(What you are asked to do): Every line from the one with "將蛋奶醬汁倒入6,撒上鹽、黑胡椒粉" up to and including the one with "Poster Ciudad fantástica" is to be output exactly as it appears below; pictures are not.

(Data for processing):
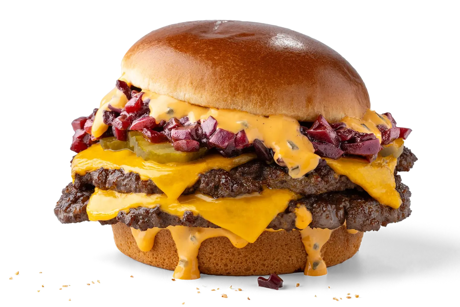 Cheddar Cheese*, Burger Sauce, Gewürzgurken, karamellisierte Zwiebeln
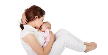 简约线条插画风格,白色背景,以柔和的紫色单线条勾勒,描绘一位长发母亲温柔地将婴儿斜抱在怀中,婴儿头部依偎在母亲肩部,母亲一手托住婴儿臀部,一手轻扶婴儿背部,身体微微侧向一侧,线条流畅自然,保持原图中蜿蜒飘逸的紫色曲线装饰元素,整体呈现温馨、宁静的氛围,具有清晰的视觉层次和简洁的设计感。
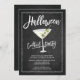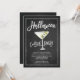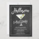 Convite de festas moderno do coquetel do Halloween com um vidro martini com um conjunto de globos oculares sobre um popular fundo preto com letra chic lettered script.
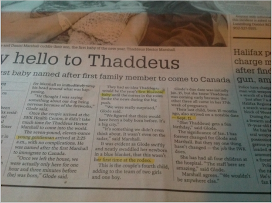这里有几个问题。首先,塞笛厄斯不是第一个“蓝鼻子婴儿”。作为本地快报正确的报告在加拿大,2017年在新斯科舍省出生的第一个婴儿于凌晨12点01分在肯特维尔出生。
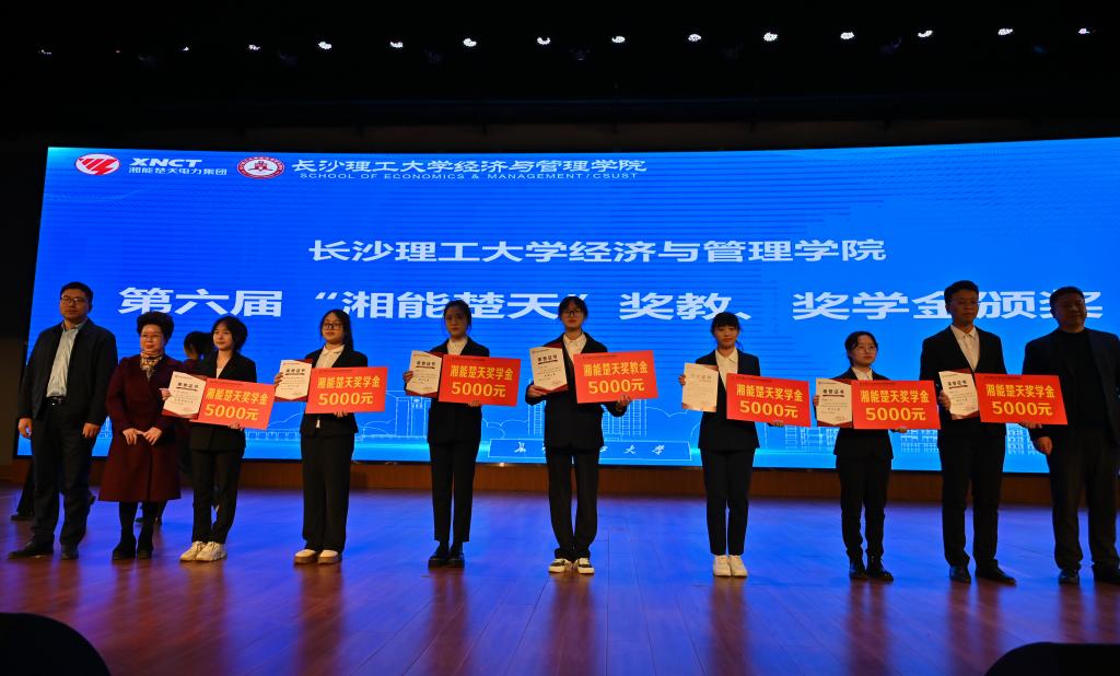 经管学院副院长刘坚宣读了获奖名单。颁奖后,获评优秀专业教师的李祝平教授在发言中表示了对湘能楚天电力集团的感谢,她倡议教师们在人工智能时代坚守育人初心,不断探索新的教学方法和手段,产生教学与科研相长的协同效应。获评优秀思政工作者的辅导员王宝宝老师分享了自己以热心、耐心、责任心对待学生工作以及对标榜样努力提升育人水平的成长经历。获评自强之星、学习之星、志愿服务之星、科创之星的16个奖学金团队及个人分别讲述了学习与成长的奋斗经历。他们全面发展、创先争优、心怀感恩,获奖背后的一个个生动的故事赢得了在场师生的热烈掌声。随后,经管学院教师申立平、王玉等表演了旗袍秀《水韵江南》,学生们表演了舞蹈《万疆》。
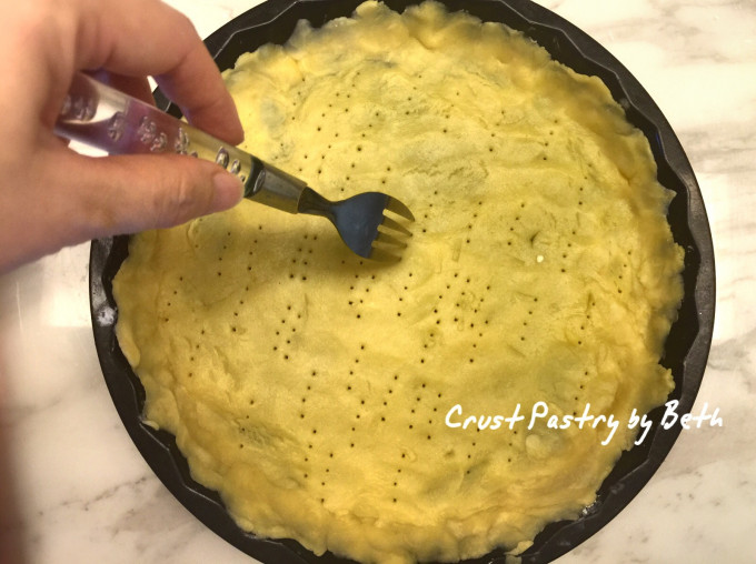 將蛋奶醬汁倒入6,撒上鹽、黑胡椒粉
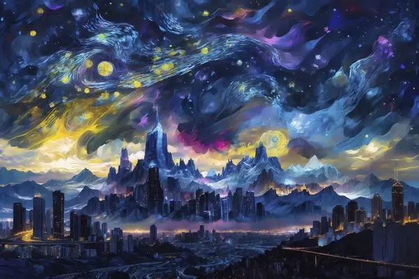 Poster Ciudad fantástica bajo un cielo nocturno resplandeciente f47288
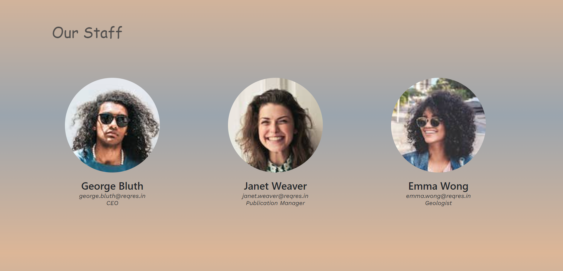- About Page: Delve into the heart of our organization on the About Us page. Here, we illuminate our mission, vision, and values, allowing users to gain a deeper understanding of our commitment to mineral education. Additionally, this page features an interactive staff directory, enriched by dynamic content sourced through API calls. This page also offers a membership option, allowing users to register through our user-friendly signup form.
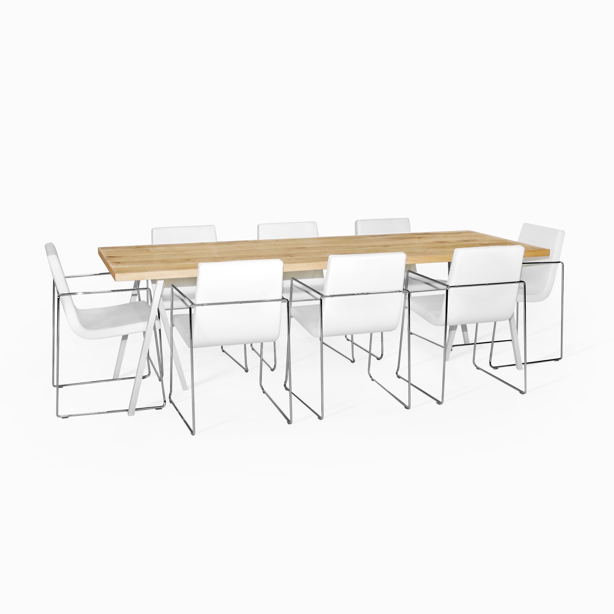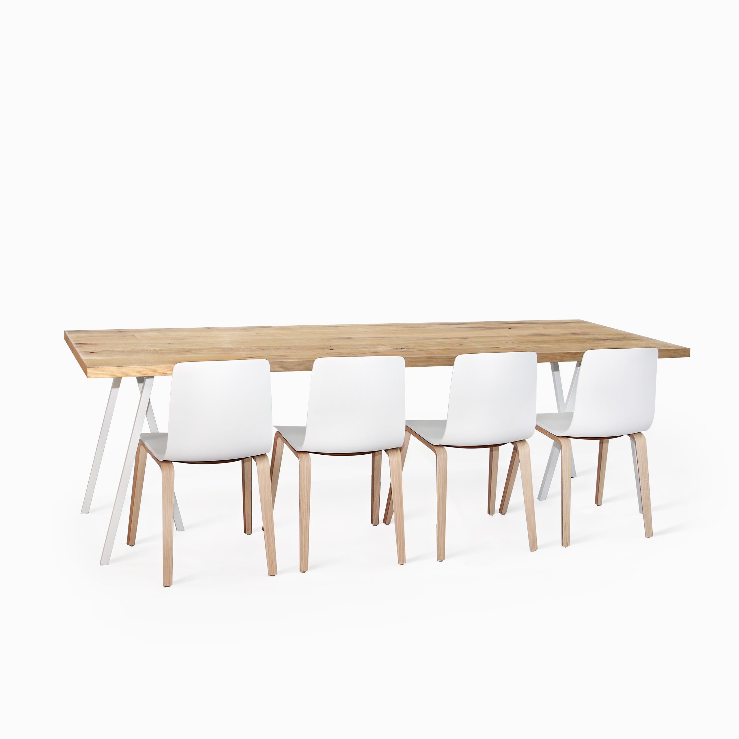 Tischplatte in Echtholz, Eiche astig, Tischböcke „Loop“ in Stahl pulverbeschichtet, weiß

(Response below):
 將蛋奶醬汁倒入6,撒上鹽、黑胡椒粉
 Poster Ciudad fantástica bajo un cielo nocturno resplandeciente f47288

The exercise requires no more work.